Finding the real parts to both sides of this equation

I am really stuck trying to find the real parts to both sides of this equation.

1 + exp(theta(i)) + exp(2theta(i)) + .... + exp((n-1)theta(i)) = (exp(ntheta(i)) - 1) / (exp(theta(i)) -1)

I think that the real part of the left hand side is

1 + cos(theta) + cos(2theta) + ..... + cos((n-1)theta)

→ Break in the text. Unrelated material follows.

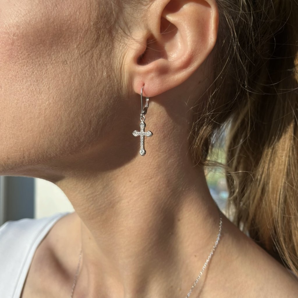 Ten zestaw, w skład którego wchodzą wiszące kolczyki i łańcuszek z zawieszką z motywem krzyża, wykonany jest ze srebra próby 925. Delikatny krzyżyk ozdobiony jest sześciennymi cyrkoniami, które doskonale uzupełniają jego elegancki wygląd. Wiszące kolczyki w kształcie krzyża są wyjątkowe i eleganckie. Zapięcie to patent damski, który gwarantuje bezpieczeństwo i wygodę.

i have no idea what the real part is for the right.

Someone please help

Re: Finding the real parts of this equation

Quote:

Originally Posted by

**Matt1993** Finding the real parts to both sides of this equation

I am really stuck trying to find the real parts to both sides of this equation.

1 + exp(theta(i)) + exp(2theta(i)) + .... + exp((n-1)theta(i)) = (exp(ntheta(i)) - 1) / (exp(theta(i)) -1)

I think that the real part of the left hand side is

1 + cos(theta) + cos(2theta) + ..... + cos((n-1)theta)

i have no idea what the real part is for the right.

Someone please help

I agree with the answer to your LHS. As for the RHS,

$\displaystyle \displaystyle \begin{align*} \frac{e^{n\theta i} - 1}{e^{\theta i} - 1} &= \frac{\cos{(n\theta)} + i\sin{(n\theta)} - 1}{\cos{(\theta)} + i\sin{(\theta)} - 1} \\ &= \frac{\left[ \cos{(n\theta)} - 1 + i\sin{(n\theta )} \right] \left[\cos{(\theta)} - 1 - i\sin{(\theta)}\right]}{\left[ \cos{(\theta )} - 1 + i\sin{(\theta )} \right] \left[ \cos{(\theta )} - 1 - i\sin{(\theta )} \right]} \end{align*}$

Now simplify...